Actually, scratch that. She loves it.
She bought the guide to make sure her farm is as efficient as possible. She planned it all thoroughly, from the kind she chose at the very beginning, to the animals and crops she wanted the have, where she would put them, and so on.
She’s got a part of her land fully dedicated to mystic trees associated with mushroom logs, because it wouldn’t be her farm if she didn’t make a gargantuan amount of profit based on them mushies.
The chickens, ducks and dinosaurs are all on one side of the road situated at the bottom of her farm, while the cows, goats and pigs are on the other side. All the tools she needs to make cheese, mayonnaise and dried resources are placed right next to each other, not far from the ponds. All the products she makes are close to a selling box, so she can sell everything right after collecting it.
She’s working really hard to offer tons of void mayonnaise to Kroby so she can ask them to be her roommate. For now, she’s got a cat named Mochi that’s always sleeping on her bed and proudly wears a green top hat she got on St Patrick’ Day.
Believe it or not, Price loves to watch her play. The whole setting of the game reminds him of the time he used to spend at his grandparent’s farm in the English countryside, all those years ago. He remembers helping them with all kind of crops and animals, and running across their land and the nearby village with other children his age. Good, simpler times.
He also has to admit that the way she organises her findings in the museum by colours is extremely satisfying to watch. And seeing her get all excited when she finally finds something new to add to her collection is also pretty endearing.

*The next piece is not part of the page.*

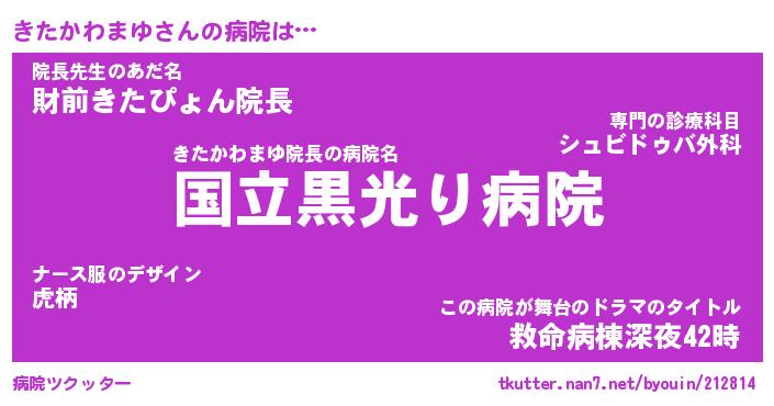 | 恥ずかしいあだ名 | 『プリティーきたかわまゆ』『きたっちょ』 |

She also got Gaz to play too !
They help each other out with their farm - they’ve become pros at it, at this point. Both their greenhouses are filled to the brim with ancient fruits, which immediately go into an army of kegs to be brewed into wine. They make plans on how to deals with the upcoming seasons together.

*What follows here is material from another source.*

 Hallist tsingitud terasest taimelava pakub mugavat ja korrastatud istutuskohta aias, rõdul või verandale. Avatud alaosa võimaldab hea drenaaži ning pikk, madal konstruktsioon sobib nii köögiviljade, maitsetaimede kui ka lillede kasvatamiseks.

They also switch consoles to help each other with the tasks they like the least. Snail isn’t really fond of going into the mines - she’d rather enjoy the rainy days and go fish and forage all around the game. Kyle, however, enjoys doing challenges into the mine more that running around trying to look for resources. So they efficiently help each other to level up and fill the chests on their farms with everything they need, sprawled on top of each other on their beds in a comfortable silence.
They rule over every single event in the game.
And they absolutely love gossiping about the characters - to the point that other soldiers on base think they’re actually saying mad shit about real people.
They don’t bother correcting them. Their confused faces as they realise they’ve been talking about marrying or divorcing three people in the same week make it all worth it.
It gets a good chuckle out of the team.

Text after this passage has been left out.